My recent work, the welded steel and bottle sculpture reflects nature and life in motion. These compositions and designs are inspired by movement within nature, wings in motion, and bodies of water. Motion in the sky are inspirations for, “Bird,” and “Lone Cloud” The compositions rise, fall, and wind like untamed, drifting clouds, and the beat of bird wings. “Bird,” is a bird diving with a blur of blue wings. “Kites,” are butterflies or kite-shaped insects with blurred, colored wings. Other sculpture is inspired by the movement of water: ripples, eddies, splashes, waves and waterfalls. I think of water and its many physical and symbolic qualities: as life giving, cyclic, cleansing, calming, threatening, exciting, joyful, musical…and so on. I am a painter and 2D artist as well as a sculptor and the sculptures often begin as drawings. The final compositions change however, sometimes radically as they begin to materialize. I think of the sculptures as line drawings with the bottles creating shades and tone across the line drawing like washes of transparent watercolors. The difference is that you can walk around the drawing and see it change is so many angles!

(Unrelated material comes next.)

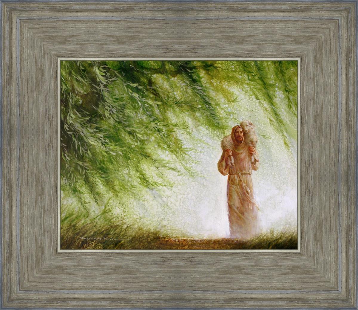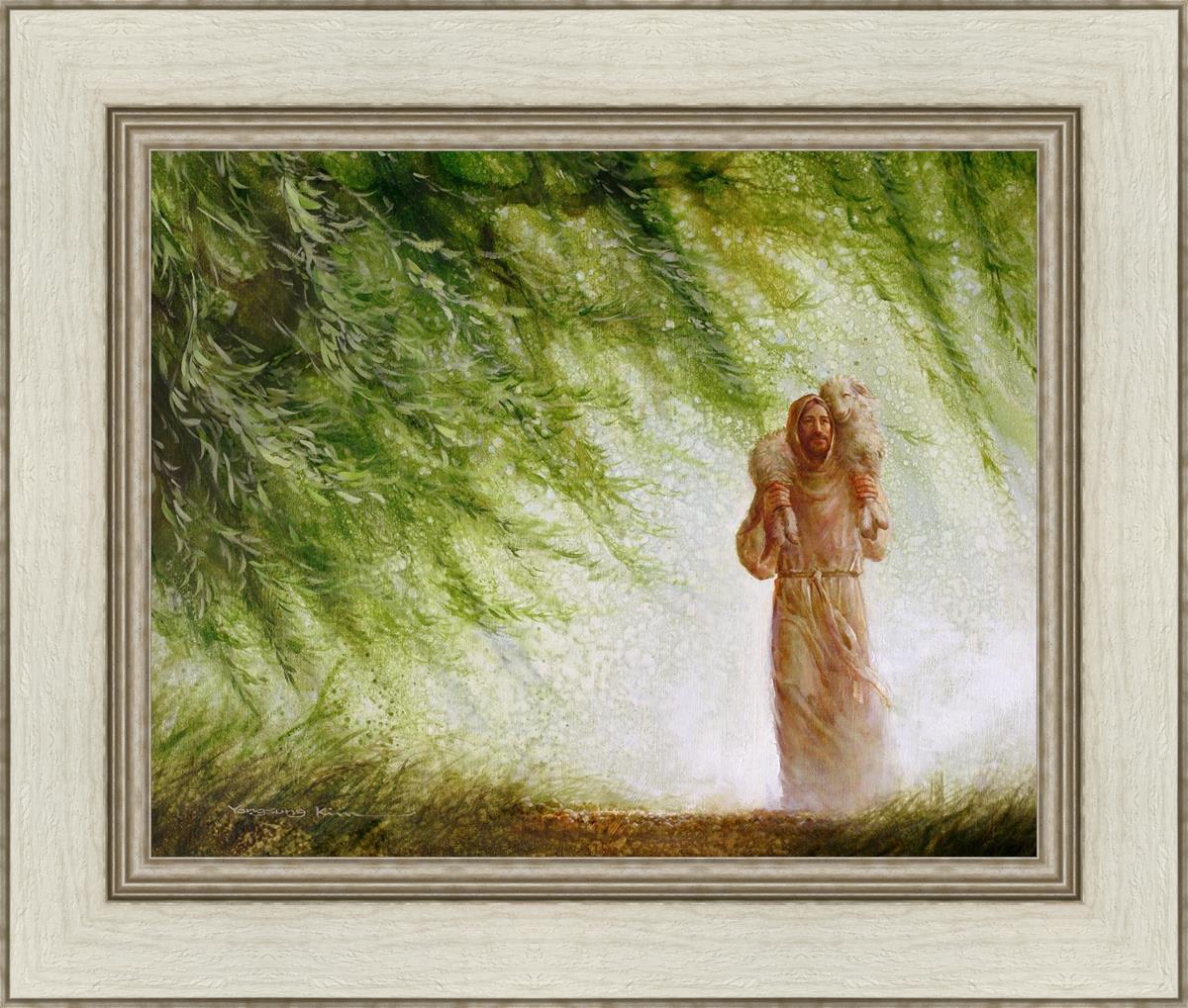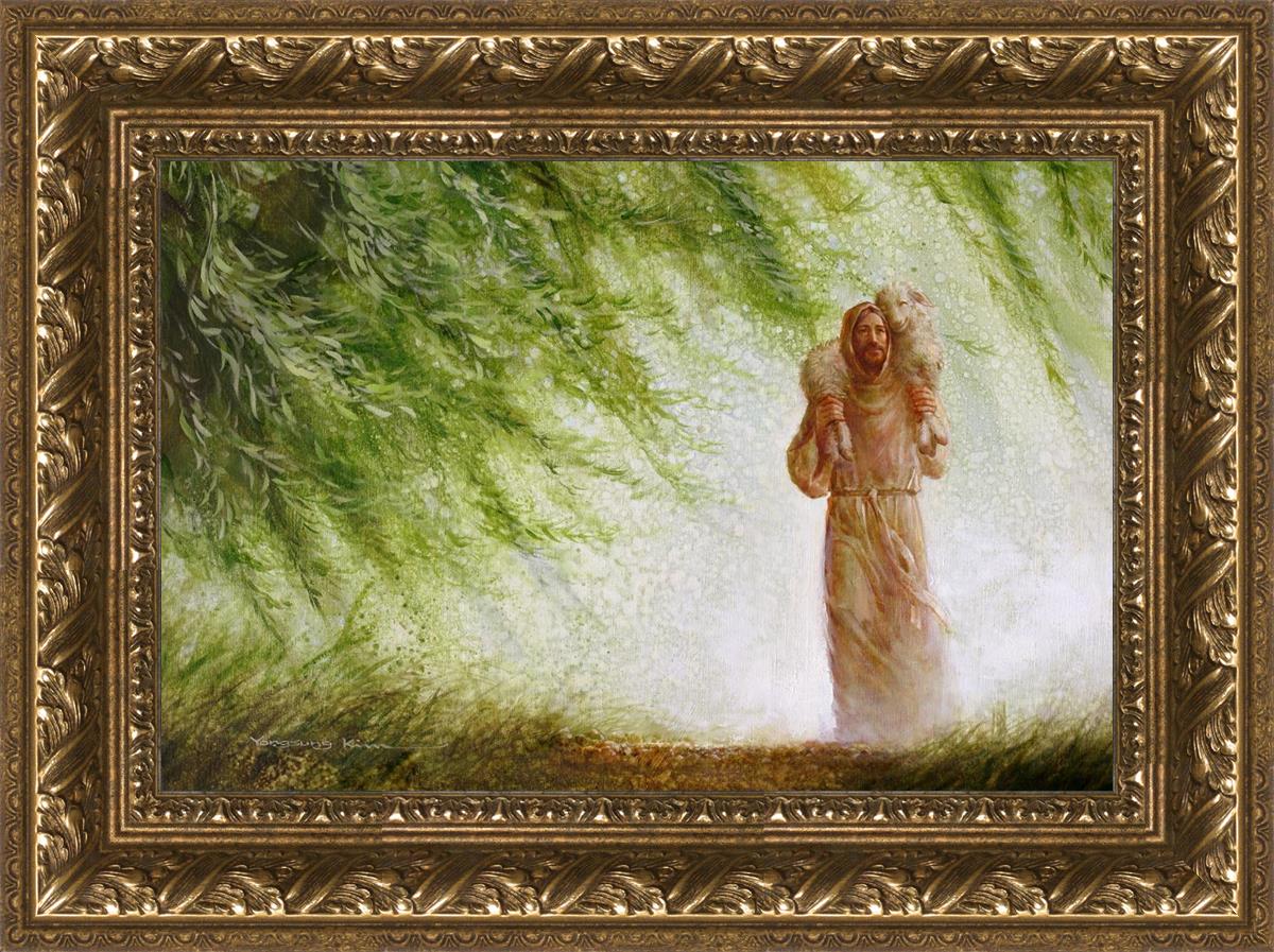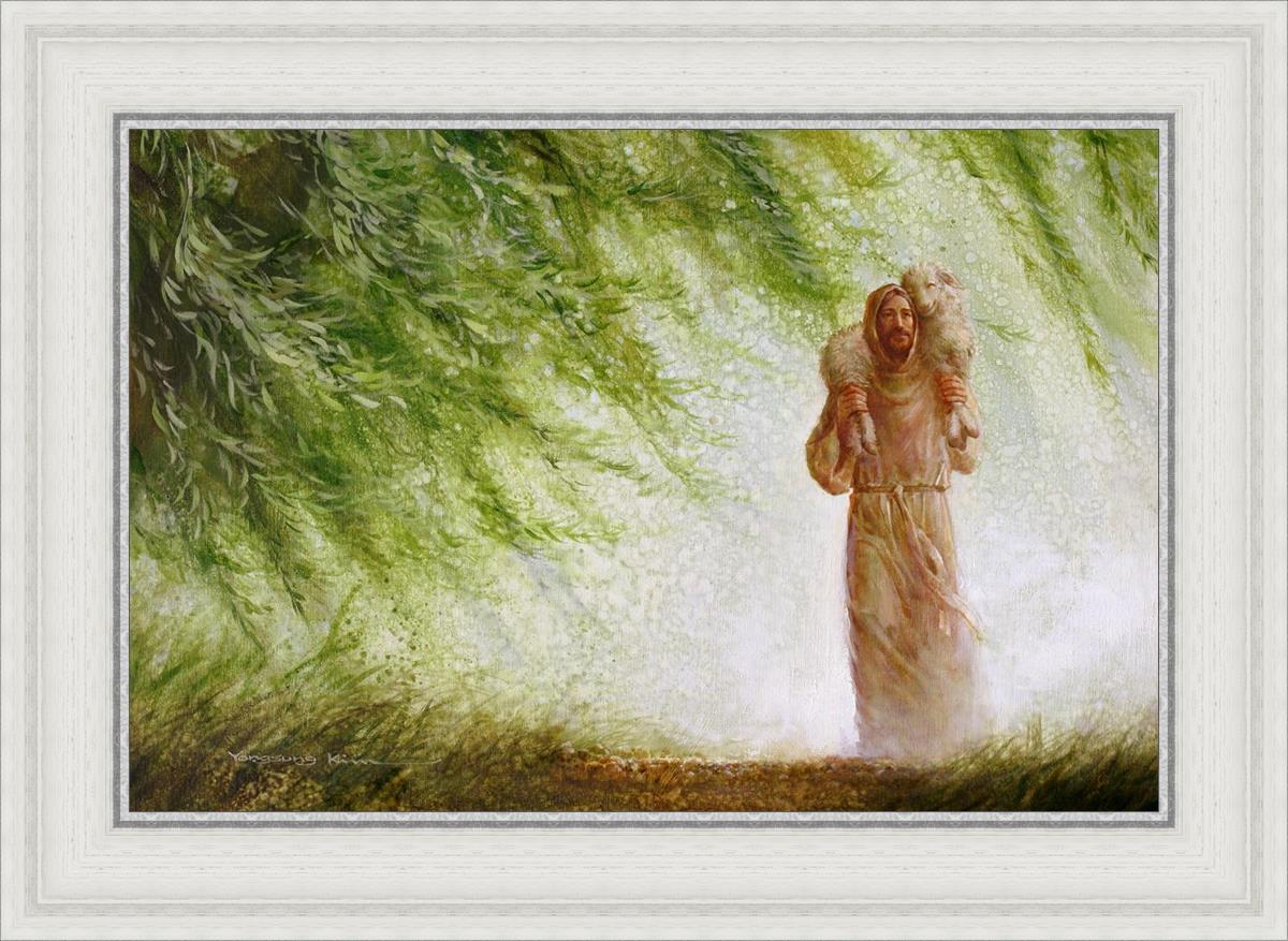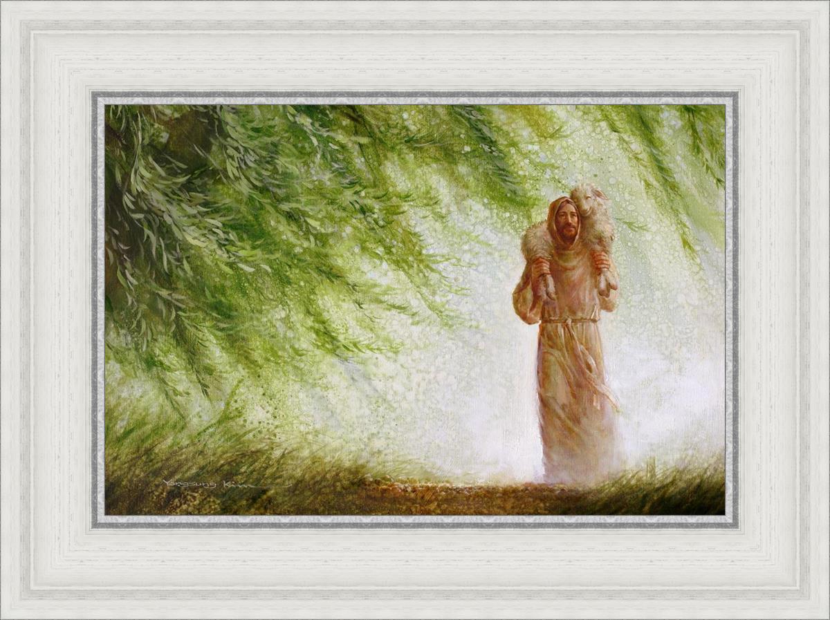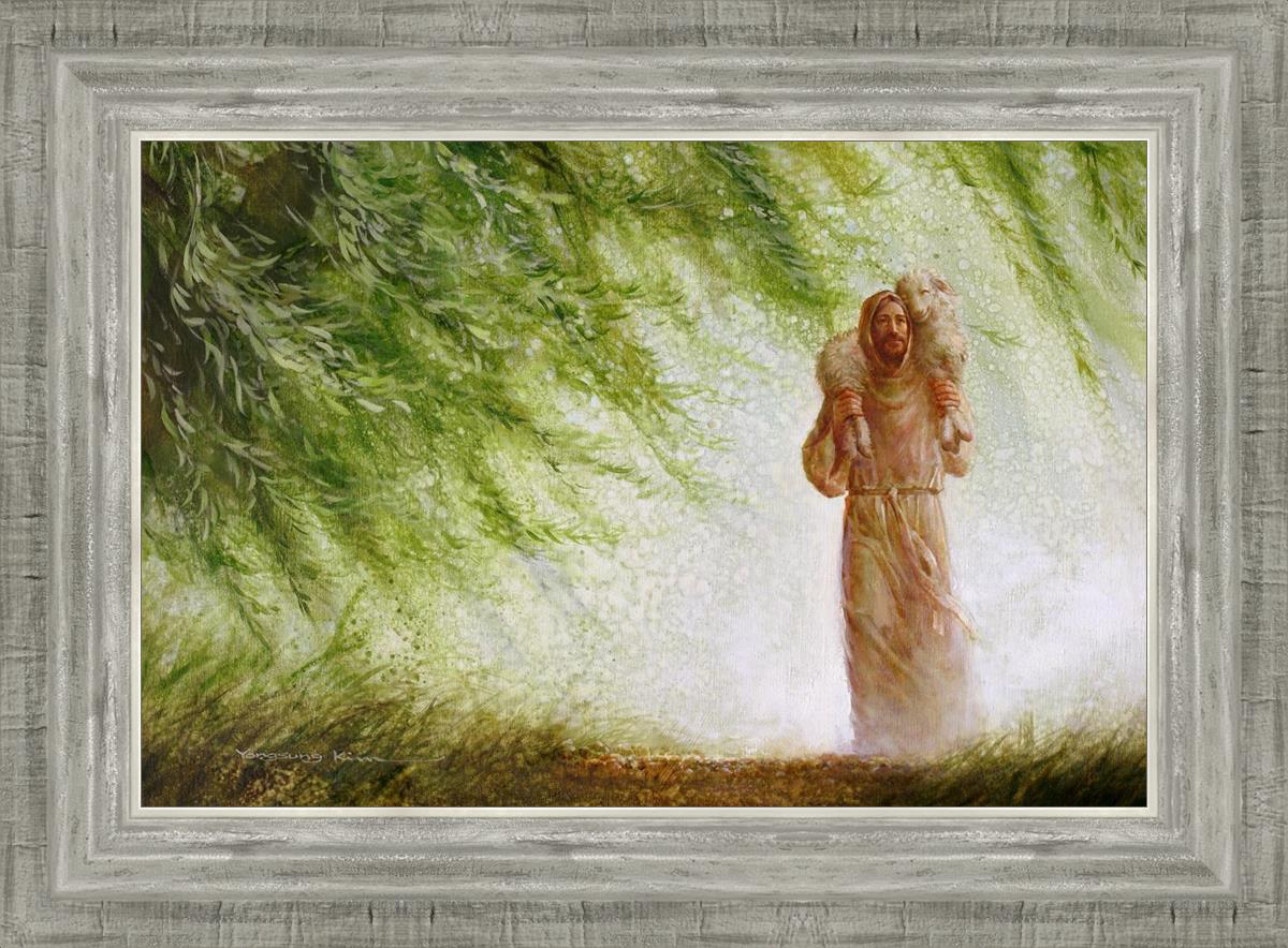 This painting powerfully captures a moment of protection and care, as Jesus Christ carries a lamb on His shoulders. The lamb represents the lost, the weary, and the broken, finding refuge in His embrace. Christ carrying the lamb on His shoulders serves as a visual metaphor for divine love and the promise that no one is ever too lost to be found. Carry On invites the viewer to reflect on the Savior's enduring presence and His loving support in times of difficulty, offering a message of hope, strength, and grace.

I work to vary the stroke of the line drawing with different line widths, using heavy and light steel wire to vary the gesture. By adding steel mesh with a grid, I add more line work with structure and movement. Elmer Bischoff, a Professor I studied with, emphasized the importance of the artist’s mark and making it original and expressive by varying your mark. The bottles work together to create volume and density while flowing across the “line drawing” of the steel armature. Where the white of the paper shows through when painting with watercolors, sunlight and the world behind them can be seen through glass bottles. The bottles are seductive, glass diamonds, while at the same time they are debris; leftovers from mass production, once useful but now destined for the landfill. The sculpture embodies contradictions about what is beautiful and what is art. It brings up questions about our culture, mass production of products, and how we are caring for the environment. The work is a continuation of artwork informed by surrealism, cubism, modernism, pop art, and environmental art. In 1989 I began making sculpture with “ready-mades,” everyday items such as spoons, industrial vents, fans, and flexible electrical conduit. By including such objects, I believe the work has the soul of a past life from its previous use and meaning in culture. I aim to provide layers of meaning within the artwork so that there are many ways to interpret the art. Like a dream, the art can be the subject of varied interpretations. In 1993 I made my first “Earth Tear,” sculpture made of 250 recycled bottles and steel. My recent work is a continuation of this exploration of bottles and steel.